PROMPT: Although the data below holds other lines too, output only those from the line with "Ну я бенчи особо" up to and including the line with "Sammelfahrzeug mit seperater", exactly as they appear.

##### INPUT MATERIAL #####

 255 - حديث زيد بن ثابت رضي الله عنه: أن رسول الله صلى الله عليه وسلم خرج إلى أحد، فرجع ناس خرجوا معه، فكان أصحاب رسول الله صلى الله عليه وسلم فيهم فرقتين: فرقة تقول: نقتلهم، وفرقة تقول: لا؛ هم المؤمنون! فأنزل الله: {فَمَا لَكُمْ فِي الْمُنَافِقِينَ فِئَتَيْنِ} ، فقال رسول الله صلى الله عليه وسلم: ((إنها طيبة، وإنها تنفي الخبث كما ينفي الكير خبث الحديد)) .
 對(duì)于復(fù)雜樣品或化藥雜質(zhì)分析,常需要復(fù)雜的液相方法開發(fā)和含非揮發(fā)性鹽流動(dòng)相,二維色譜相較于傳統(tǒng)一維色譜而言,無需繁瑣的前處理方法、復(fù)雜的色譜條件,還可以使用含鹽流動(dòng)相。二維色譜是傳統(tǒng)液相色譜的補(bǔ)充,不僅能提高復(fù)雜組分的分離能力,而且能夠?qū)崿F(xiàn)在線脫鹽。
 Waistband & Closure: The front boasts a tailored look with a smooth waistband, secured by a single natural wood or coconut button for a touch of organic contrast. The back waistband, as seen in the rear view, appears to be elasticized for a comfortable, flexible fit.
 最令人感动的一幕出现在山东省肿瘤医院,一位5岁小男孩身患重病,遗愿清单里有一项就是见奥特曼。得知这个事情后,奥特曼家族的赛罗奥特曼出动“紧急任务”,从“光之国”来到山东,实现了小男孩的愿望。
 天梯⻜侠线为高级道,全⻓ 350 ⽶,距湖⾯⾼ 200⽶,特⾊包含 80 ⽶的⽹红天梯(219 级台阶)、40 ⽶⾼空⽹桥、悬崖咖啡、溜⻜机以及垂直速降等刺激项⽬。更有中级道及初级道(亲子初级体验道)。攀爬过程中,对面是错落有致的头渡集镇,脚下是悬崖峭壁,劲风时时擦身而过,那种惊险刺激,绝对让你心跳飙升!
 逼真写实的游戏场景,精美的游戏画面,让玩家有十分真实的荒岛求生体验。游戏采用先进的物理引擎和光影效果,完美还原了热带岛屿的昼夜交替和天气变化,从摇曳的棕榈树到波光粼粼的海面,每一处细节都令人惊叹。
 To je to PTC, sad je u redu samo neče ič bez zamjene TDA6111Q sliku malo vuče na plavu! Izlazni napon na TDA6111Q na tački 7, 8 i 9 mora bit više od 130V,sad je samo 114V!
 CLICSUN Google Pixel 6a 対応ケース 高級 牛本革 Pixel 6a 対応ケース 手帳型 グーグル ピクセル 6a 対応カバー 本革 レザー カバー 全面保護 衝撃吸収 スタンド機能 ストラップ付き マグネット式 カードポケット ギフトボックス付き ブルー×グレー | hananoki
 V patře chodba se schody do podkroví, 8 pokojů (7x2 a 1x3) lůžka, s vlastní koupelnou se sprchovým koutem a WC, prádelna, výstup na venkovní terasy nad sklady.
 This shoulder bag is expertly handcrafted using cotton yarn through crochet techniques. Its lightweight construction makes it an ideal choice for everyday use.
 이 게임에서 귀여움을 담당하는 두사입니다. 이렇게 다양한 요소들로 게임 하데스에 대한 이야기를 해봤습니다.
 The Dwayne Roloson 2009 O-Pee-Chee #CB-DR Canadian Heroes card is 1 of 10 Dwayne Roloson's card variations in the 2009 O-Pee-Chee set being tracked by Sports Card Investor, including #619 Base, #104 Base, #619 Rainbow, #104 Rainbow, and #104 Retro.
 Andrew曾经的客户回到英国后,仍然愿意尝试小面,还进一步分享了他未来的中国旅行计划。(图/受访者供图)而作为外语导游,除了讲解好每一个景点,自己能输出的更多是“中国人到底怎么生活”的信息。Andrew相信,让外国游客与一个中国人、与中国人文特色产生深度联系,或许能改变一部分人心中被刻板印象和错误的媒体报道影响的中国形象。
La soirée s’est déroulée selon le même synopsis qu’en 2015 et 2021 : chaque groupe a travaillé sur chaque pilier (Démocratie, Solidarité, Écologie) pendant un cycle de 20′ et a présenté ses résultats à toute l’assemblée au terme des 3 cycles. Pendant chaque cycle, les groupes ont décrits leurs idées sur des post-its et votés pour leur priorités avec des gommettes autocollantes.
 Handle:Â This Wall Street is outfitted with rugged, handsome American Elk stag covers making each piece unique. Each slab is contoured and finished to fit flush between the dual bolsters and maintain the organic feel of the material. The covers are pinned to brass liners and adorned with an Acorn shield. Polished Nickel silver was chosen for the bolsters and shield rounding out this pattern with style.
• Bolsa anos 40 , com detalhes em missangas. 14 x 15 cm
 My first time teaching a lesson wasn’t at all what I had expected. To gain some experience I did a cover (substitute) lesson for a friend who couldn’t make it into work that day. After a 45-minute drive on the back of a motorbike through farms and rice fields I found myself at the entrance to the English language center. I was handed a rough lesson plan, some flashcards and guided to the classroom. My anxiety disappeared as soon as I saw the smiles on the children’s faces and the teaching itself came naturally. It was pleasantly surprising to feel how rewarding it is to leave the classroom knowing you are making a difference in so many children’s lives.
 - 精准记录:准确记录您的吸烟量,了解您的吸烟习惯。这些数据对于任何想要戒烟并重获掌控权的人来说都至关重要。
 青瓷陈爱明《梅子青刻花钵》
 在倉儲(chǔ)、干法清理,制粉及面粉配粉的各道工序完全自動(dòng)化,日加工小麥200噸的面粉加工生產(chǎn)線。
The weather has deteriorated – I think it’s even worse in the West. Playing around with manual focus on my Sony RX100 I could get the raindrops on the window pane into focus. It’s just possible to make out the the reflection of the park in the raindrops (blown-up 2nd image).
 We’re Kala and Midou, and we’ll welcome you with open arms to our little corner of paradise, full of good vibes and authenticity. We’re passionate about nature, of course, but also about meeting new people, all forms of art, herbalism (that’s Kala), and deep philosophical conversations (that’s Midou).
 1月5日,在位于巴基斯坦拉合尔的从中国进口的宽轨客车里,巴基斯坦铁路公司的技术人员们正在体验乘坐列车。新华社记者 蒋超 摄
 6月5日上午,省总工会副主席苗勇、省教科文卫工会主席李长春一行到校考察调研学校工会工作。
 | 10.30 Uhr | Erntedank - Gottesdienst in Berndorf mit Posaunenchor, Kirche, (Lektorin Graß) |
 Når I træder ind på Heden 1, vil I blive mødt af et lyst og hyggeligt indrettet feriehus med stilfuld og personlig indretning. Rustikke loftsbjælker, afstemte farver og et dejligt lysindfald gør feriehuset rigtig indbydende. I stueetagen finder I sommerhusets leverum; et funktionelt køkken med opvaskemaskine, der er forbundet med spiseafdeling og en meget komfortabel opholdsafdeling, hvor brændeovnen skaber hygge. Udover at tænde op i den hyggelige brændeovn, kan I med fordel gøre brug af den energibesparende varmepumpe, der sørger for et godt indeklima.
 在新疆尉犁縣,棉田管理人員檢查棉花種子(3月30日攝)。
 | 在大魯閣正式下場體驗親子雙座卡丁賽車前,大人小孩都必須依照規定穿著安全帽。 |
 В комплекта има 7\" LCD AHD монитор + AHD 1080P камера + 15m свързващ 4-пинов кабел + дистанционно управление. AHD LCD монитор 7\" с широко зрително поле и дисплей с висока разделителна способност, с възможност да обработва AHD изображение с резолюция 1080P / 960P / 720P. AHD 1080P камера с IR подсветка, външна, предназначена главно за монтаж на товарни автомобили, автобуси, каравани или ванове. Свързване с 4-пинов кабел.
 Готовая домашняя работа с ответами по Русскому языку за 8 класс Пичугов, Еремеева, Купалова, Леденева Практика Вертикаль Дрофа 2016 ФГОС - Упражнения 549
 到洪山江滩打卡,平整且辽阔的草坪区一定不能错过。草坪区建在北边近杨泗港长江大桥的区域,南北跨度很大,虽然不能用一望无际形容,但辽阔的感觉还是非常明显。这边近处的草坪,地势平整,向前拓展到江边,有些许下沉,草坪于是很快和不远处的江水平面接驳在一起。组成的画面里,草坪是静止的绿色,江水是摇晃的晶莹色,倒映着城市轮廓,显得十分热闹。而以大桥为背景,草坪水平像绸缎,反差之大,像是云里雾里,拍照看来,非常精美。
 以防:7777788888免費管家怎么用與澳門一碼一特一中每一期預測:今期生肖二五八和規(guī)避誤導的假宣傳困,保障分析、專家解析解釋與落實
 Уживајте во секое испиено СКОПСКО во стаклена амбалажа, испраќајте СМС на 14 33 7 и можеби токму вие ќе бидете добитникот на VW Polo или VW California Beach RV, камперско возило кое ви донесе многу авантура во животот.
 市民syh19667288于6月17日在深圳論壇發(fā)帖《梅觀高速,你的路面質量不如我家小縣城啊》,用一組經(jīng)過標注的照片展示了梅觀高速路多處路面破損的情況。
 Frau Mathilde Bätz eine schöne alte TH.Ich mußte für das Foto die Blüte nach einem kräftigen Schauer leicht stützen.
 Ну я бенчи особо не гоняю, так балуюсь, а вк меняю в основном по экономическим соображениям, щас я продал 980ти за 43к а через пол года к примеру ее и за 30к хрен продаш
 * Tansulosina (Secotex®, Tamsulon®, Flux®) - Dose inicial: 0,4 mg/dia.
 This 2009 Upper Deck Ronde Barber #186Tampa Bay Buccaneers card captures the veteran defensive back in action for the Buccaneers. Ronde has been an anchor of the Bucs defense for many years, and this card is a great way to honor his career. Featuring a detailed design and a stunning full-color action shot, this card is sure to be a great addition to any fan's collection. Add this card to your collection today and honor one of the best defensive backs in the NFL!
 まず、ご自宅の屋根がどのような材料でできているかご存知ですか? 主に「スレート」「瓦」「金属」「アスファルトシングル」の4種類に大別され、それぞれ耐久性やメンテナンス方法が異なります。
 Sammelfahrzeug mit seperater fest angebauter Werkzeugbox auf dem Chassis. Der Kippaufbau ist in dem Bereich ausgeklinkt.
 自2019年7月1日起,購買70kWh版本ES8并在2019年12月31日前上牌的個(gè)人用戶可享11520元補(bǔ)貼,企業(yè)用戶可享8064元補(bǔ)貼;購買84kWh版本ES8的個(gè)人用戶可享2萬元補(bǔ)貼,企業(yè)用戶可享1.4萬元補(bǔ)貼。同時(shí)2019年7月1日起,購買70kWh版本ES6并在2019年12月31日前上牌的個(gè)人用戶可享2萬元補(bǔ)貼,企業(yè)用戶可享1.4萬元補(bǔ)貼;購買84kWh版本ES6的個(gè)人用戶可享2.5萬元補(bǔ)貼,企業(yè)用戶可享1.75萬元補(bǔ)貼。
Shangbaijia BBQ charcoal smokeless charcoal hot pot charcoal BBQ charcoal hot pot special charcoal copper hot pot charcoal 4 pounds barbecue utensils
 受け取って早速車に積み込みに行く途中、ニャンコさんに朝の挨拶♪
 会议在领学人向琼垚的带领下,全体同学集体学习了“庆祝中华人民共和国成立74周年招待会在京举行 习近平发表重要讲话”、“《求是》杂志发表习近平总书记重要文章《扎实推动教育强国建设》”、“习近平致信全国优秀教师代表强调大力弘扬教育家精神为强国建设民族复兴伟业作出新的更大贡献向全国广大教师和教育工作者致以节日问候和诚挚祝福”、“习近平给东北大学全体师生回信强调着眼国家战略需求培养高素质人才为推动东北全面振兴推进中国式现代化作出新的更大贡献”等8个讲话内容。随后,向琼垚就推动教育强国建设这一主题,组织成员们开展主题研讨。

#####

WRITTEN SOLUTION:
 Ну я бенчи особо не гоняю, так балуюсь, а вк меняю в основном по экономическим соображениям, щас я продал 980ти за 43к а через пол года к примеру ее и за 30к хрен продаш
 * Tansulosina (Secotex®, Tamsulon®, Flux®) - Dose inicial: 0,4 mg/dia.
 This 2009 Upper Deck Ronde Barber #186Tampa Bay Buccaneers card captures the veteran defensive back in action for the Buccaneers. Ronde has been an anchor of the Bucs defense for many years, and this card is a great way to honor his career. Featuring a detailed design and a stunning full-color action shot, this card is sure to be a great addition to any fan's collection. Add this card to your collection today and honor one of the best defensive backs in the NFL!
 まず、ご自宅の屋根がどのような材料でできているかご存知ですか? 主に「スレート」「瓦」「金属」「アスファルトシングル」の4種類に大別され、それぞれ耐久性やメンテナンス方法が異なります。
 Sammelfahrzeug mit seperater fest angebauter Werkzeugbox auf dem Chassis. Der Kippaufbau ist in dem Bereich ausgeklinkt.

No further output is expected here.